HSW – Against induction

by Neil Rickert

In this post, I shall argue against induction.  Specifically, I shall argue against what I referred to as “philosophic induction” in a recent post.  My earlier post — “All emeralds are green” — was intended to illustrate the view that I shall be presenting here.  I suggest you read that now, if you have not already done so.  Throughout this post, I shall assume familiarity with that story.

That emeralds are green has sometimes been used to illustrate the idea of induction.  Presumably, the argument would be:

  • All the many emeralds that I have seen were green;
  • Therefore all emeralds are green.

Interestingly, emeralds were also used by Nelson Goodman in his skeptical “grue” argument.

According to the story told in my previous post, greenness is part of what characterizes emeralds, part of how a mineral is recognized as an emerald.  While the story is made up, I believe that part of it to be true, namely that greenness is part of what characterizes emeralds.  And if that assessment is correct, then “all emeralds are green” is a necessary truth, an analytic assertion, a statement that is true by virtue of the meanings of its terms.

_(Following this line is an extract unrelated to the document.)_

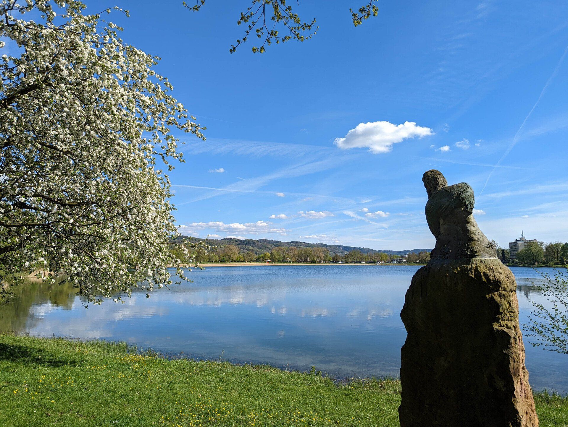 Wenn im Mai dann die Badesaison beginnt (Stichtag 2025 ist der 15. Mai), steht unseren Gästen der direkt am Platz liegende Wiesensee mit breitem Sandstrand, großer Spiel- und Liegewiese und ein beheiztes Schwimmbecken kostenlos zur Verfügung (hier sind keine Hunde erlaubt).

If “all emeralds are green” is analytic, then philosophic induction has nothing do with why we take that statement to be true.  Similarly, I believe some (but not all) of our scientific laws are analytic.  That I believe Newton’s laws of motion to be analytic was intended to be implicit in my earlier post about those laws.

Social construction

When it is suggested that scientific laws are analytic, some folk claim that this is evidence for social constructionism.  And social constructionism is itself seen as controversial.  So let’s examine what might have been socially constructed in the village of D’La Mere.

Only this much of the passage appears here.